### Your goal
Only the pictures should be left out; repeat the rest of the data exactly.

### Collected material
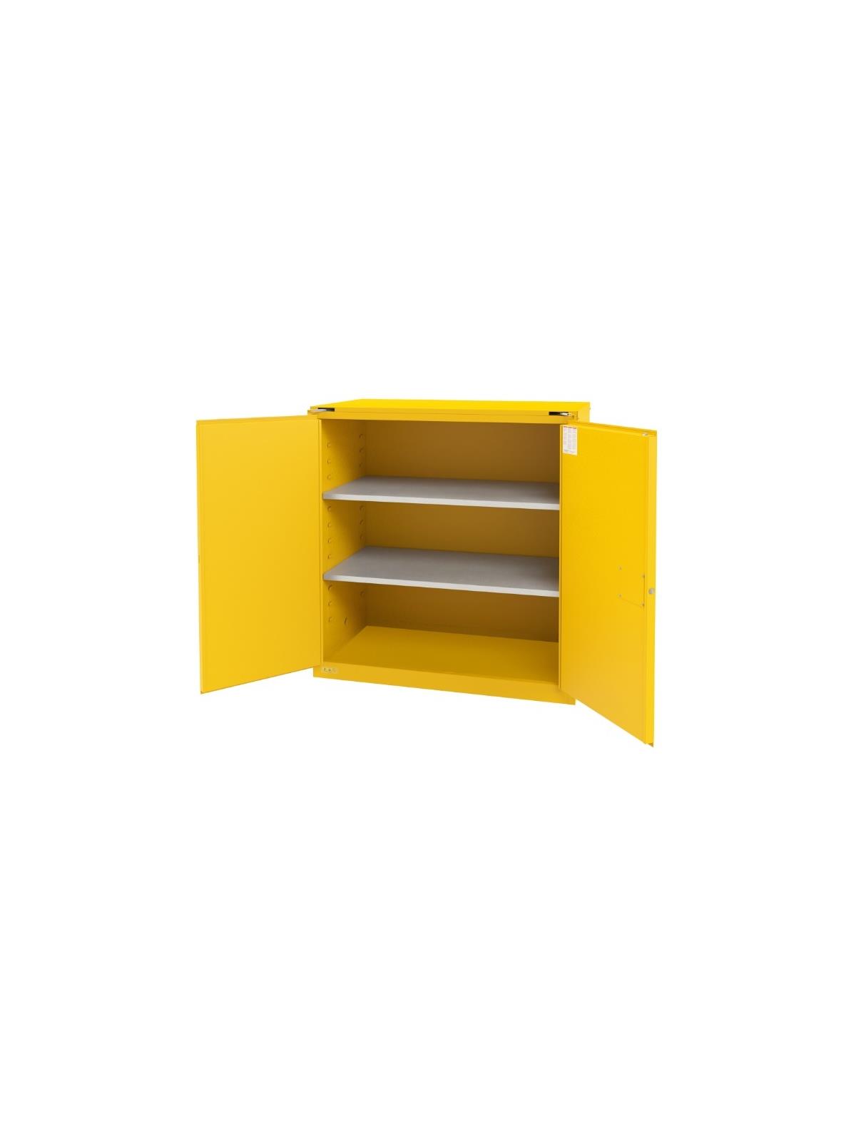 Flammable Storage Cabinets are required by OSHA and UFC in commercial and industrial facilities where flammable liquids are used and stored. Cabinets feature recessed lockable paddle latch and 3 point locking systems which greatly improves security. Bunged air vents on each side of the cabinet allows for greater ventilation. Constructed of all welded Heavy Duty Steel.
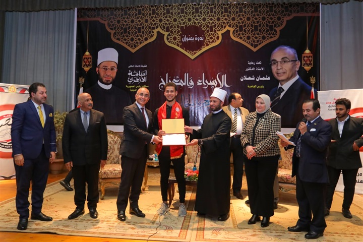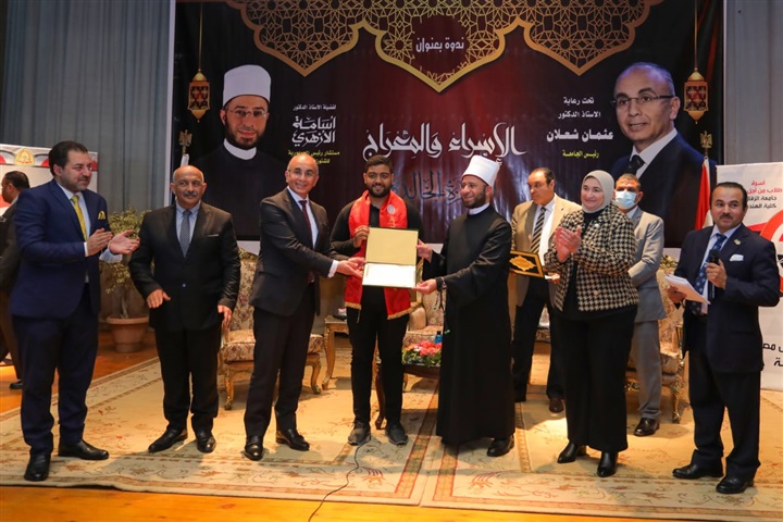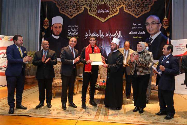 شهد الدكتور عثمان شعلان، رئيس جامعة الزقازيق، اليوم الأربعاء الموافق 2/3/2022م، الندوة التي تنظمها أسرة «طلاب من أجل مصر»، بمناسبة الاحتفال بذكرى الإسراء والمعراج تحت عنوان (الإسراء والمعراج المعجزة الخالدة)، وذلك بالتعاون مع الاتحاد العام للطلاب، والإدارة العامة لرعاية الشباب، والتى يحاضر فيها الدكتور أسامه الأزهري مستشار رئيس الجمهورية للشئون الدينية.
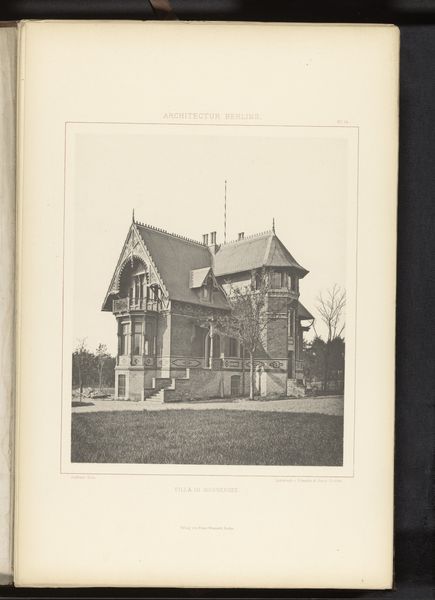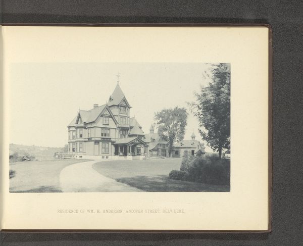 Curator: Today we’re looking at a print, likely a photograph on paper, titled "Gezicht op het huis van George Gill Green in Woodbury," created before 1889 by an anonymous artist. Editor: My initial impression is of imposing wealth and a certain, perhaps intended, distance. The tonal range is quite limited, creating a somewhat somber mood despite the bright daylight setting. Curator: Indeed. Let’s consider the composition. The grand house is centrally located, dominating the frame, while the grounds extend smoothly outward to emphasize its stately facade. The columns lead our eye deeper, past the shadows, to an implied interior world. Editor: I read the image through a lens of class and power dynamics. The sheer size of the residence, its meticulous landscaping—all these signal privilege, specifically that of George Gill Green, who profited, I must add, from patent medicines. This contrasts sharply with the living conditions of many at that time. Curator: The photograph adheres to elements of Pictorialism with its soft focus and artistic interpretation of realism, a clear effort to go beyond mere documentation. The texture, tone, and balance are exquisitely controlled, don't you think? Editor: Agreed. Pictorialism allowed for the staging of idyllic grandeur, softening the edges of reality in line with a particular aspirational vision. Think about who had the access and capital to pursue this medium. How might their biases shape these depictions? It’s also worth considering how site-specific this is and why someone found it worthwhile to create. Curator: It’s undeniably compelling how the architectural features - those elaborate arches and decorative elements - display form and order in conjunction with organic, manicured space. I observe geometry subtly offset by landscaping intended to please the beholder's eye and frame the structure. Editor: Ultimately, I observe a relic. Its composition intends to solidify a place, and therefore a person’s position within a social structure, to suggest not just status but permanence. It evokes both visual intrigue and a challenge for what constitutes beauty and what systems of power lie beneath this type of artistic rendering. Curator: Quite a contrast in how we see this, wouldn't you agree? Still, hopefully our divergent insights can reveal something deeper than meets the casual observer's eye. Editor: Precisely. Even opposing views contribute to a richer, more nuanced understanding of the forces and themes embedded within this photograph.
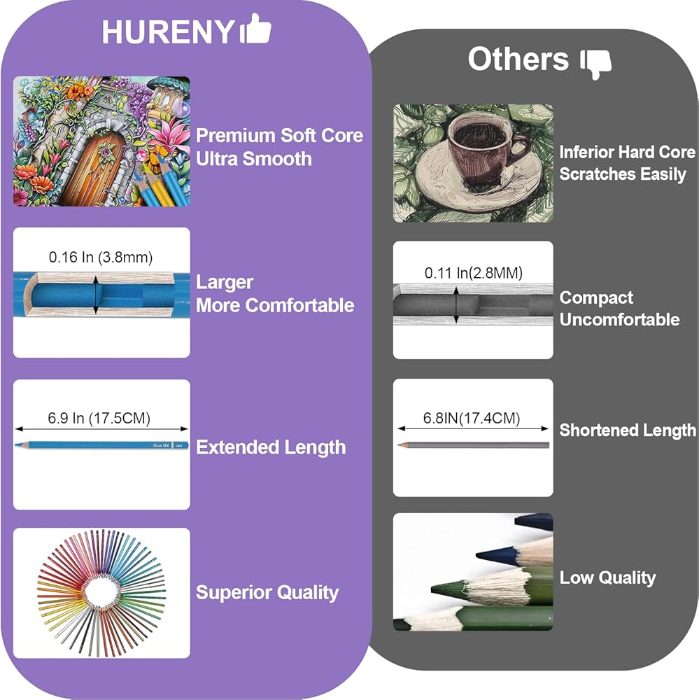 Built for Durability: Hureny's colored pencils are designed with robust, break-resistant cores, ensuring uninterrupted creativity. Suitable as color pencils for kids or adults, they sharpen easily, meeting the needs of both aspiring artists and professionals. Our color pencils set offers the same quality found in professional colored pencils, making them a versatile addition to any artist's toolkit. Perfect for coloring in an adult coloring book or creating intricate designs.

### Task output
 Flammable Storage Cabinets are required by OSHA and UFC in commercial and industrial facilities where flammable liquids are used and stored. Cabinets feature recessed lockable paddle latch and 3 point locking systems which greatly improves security. Bunged air vents on each side of the cabinet allows for greater ventilation. Constructed of all welded Heavy Duty Steel.
 شهد الدكتور عثمان شعلان، رئيس جامعة الزقازيق، اليوم الأربعاء الموافق 2/3/2022م، الندوة التي تنظمها أسرة «طلاب من أجل مصر»، بمناسبة الاحتفال بذكرى الإسراء والمعراج تحت عنوان (الإسراء والمعراج المعجزة الخالدة)، وذلك بالتعاون مع الاتحاد العام للطلاب، والإدارة العامة لرعاية الشباب، والتى يحاضر فيها الدكتور أسامه الأزهري مستشار رئيس الجمهورية للشئون الدينية.
 Curator: Today we’re looking at a print, likely a photograph on paper, titled "Gezicht op het huis van George Gill Green in Woodbury," created before 1889 by an anonymous artist. Editor: My initial impression is of imposing wealth and a certain, perhaps intended, distance. The tonal range is quite limited, creating a somewhat somber mood despite the bright daylight setting. Curator: Indeed. Let’s consider the composition. The grand house is centrally located, dominating the frame, while the grounds extend smoothly outward to emphasize its stately facade. The columns lead our eye deeper, past the shadows, to an implied interior world. Editor: I read the image through a lens of class and power dynamics. The sheer size of the residence, its meticulous landscaping—all these signal privilege, specifically that of George Gill Green, who profited, I must add, from patent medicines. This contrasts sharply with the living conditions of many at that time. Curator: The photograph adheres to elements of Pictorialism with its soft focus and artistic interpretation of realism, a clear effort to go beyond mere documentation. The texture, tone, and balance are exquisitely controlled, don't you think? Editor: Agreed. Pictorialism allowed for the staging of idyllic grandeur, softening the edges of reality in line with a particular aspirational vision. Think about who had the access and capital to pursue this medium. How might their biases shape these depictions? It’s also worth considering how site-specific this is and why someone found it worthwhile to create. Curator: It’s undeniably compelling how the architectural features - those elaborate arches and decorative elements - display form and order in conjunction with organic, manicured space. I observe geometry subtly offset by landscaping intended to please the beholder's eye and frame the structure. Editor: Ultimately, I observe a relic. Its composition intends to solidify a place, and therefore a person’s position within a social structure, to suggest not just status but permanence. It evokes both visual intrigue and a challenge for what constitutes beauty and what systems of power lie beneath this type of artistic rendering. Curator: Quite a contrast in how we see this, wouldn't you agree? Still, hopefully our divergent insights can reveal something deeper than meets the casual observer's eye. Editor: Precisely. Even opposing views contribute to a richer, more nuanced understanding of the forces and themes embedded within this photograph.
 Built for Durability: Hureny's colored pencils are designed with robust, break-resistant cores, ensuring uninterrupted creativity. Suitable as color pencils for kids or adults, they sharpen easily, meeting the needs of both aspiring artists and professionals. Our color pencils set offers the same quality found in professional colored pencils, making them a versatile addition to any artist's toolkit. Perfect for coloring in an adult coloring book or creating intricate designs.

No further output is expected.